Our goal university-wide will be to leverage predictive analytics. In particular, we aspire to predict the likelihood of aviation incidents, such as unstable approaches, runway incursions and loss of control. “If we could develop an algorithm to do that,” explains Dr. Dothang Truong, program coordinator for the aviation Ph.D. program, “the safety officer could see not only the visualizations of data patterns but also the probability that some incident might happen. That prediction would allow them to develop a strategy to prevent it from happening.”

As an example of predictive analytics, Edwin Odisho, another recent graduate with a doctorate in aviation and now an American Airlines pilot, analyzed four years of data collected by NASA from 35 regional jets to build machine-learning algorithms capable of predicting the likelihood of runway excursions. The ability to predict pilots’ misperceptions of runway excursion risks could contribute to more effective simulator training scenarios and strategies, Odisho noted. The information could also be incorporated into avionic display tools to alert pilots to danger.

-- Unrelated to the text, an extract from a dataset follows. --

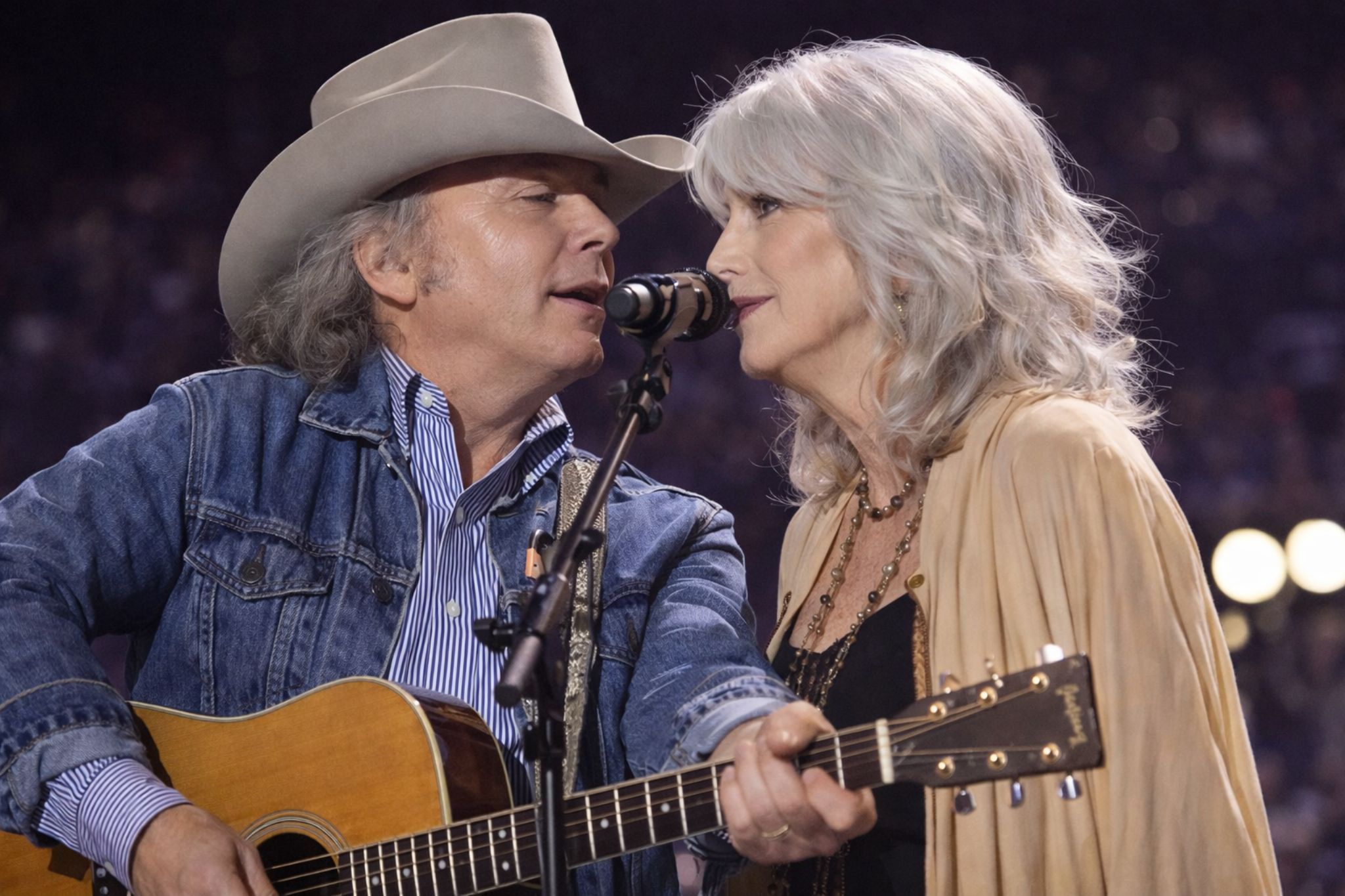 In front of 40,000 people, the power in your description isn’t the volume. It’s the restraint. Dwight “holding the silence” is a perfect detail, because that’s where truth lives in country music: in the spaces between lines, in the pauses that let the audience fill the song with their own history. And Emmylou’s entrance—luminous, calm, unhurried—feels like the kind of presence that can turn a stadium into a listening room. That’s her gift. She doesn’t force emotion. She invites it.

For researchers in this field, a key challenge is that airlines must deidentify sensitive safety information before sharing it, which takes time. Progress is being made, however. For example, through a public-private collaboration known as Aviation Safety Information Analysis and Sharing, spearheaded by the FAA and facilitated by MITRE Corp., airlines and some business aviation and charter operators routinely share deidentified safety data amongst themselves and the FAA. By aggregating safety data, they can learn when seemingly “one-off” events are part of a more widespread problem.

On the horizon, Truong says, it should become increasingly feasible to analyze both quantitative and qualitative information to assess human factors. Natural-language processing, aided by machine learning, might even allow us to predict risks related to stress, fatigue or depression.

At our Center for Aviation and Aerospace Safety at Embry-Riddle, we work to squeeze every possible lesson from aviation safety data. The center, directed by Robert Sumwalt, former head of the NTSB, was established to improve safety for all who fly. The U.S. airline accident record over the past decade has been outstanding, Sumwalt says, yet smaller safety-related events happen daily and require scrutiny. Data analytics programs “will prove essential to helping U.S. carriers continue the quest for safety,” he says, “and they will benefit global air carriers to improve their safety record, also.”

By advancing aviation analytics, our objective is to reduce aviation risks for everyone, in honor of Marisa’s father and others gone too soon.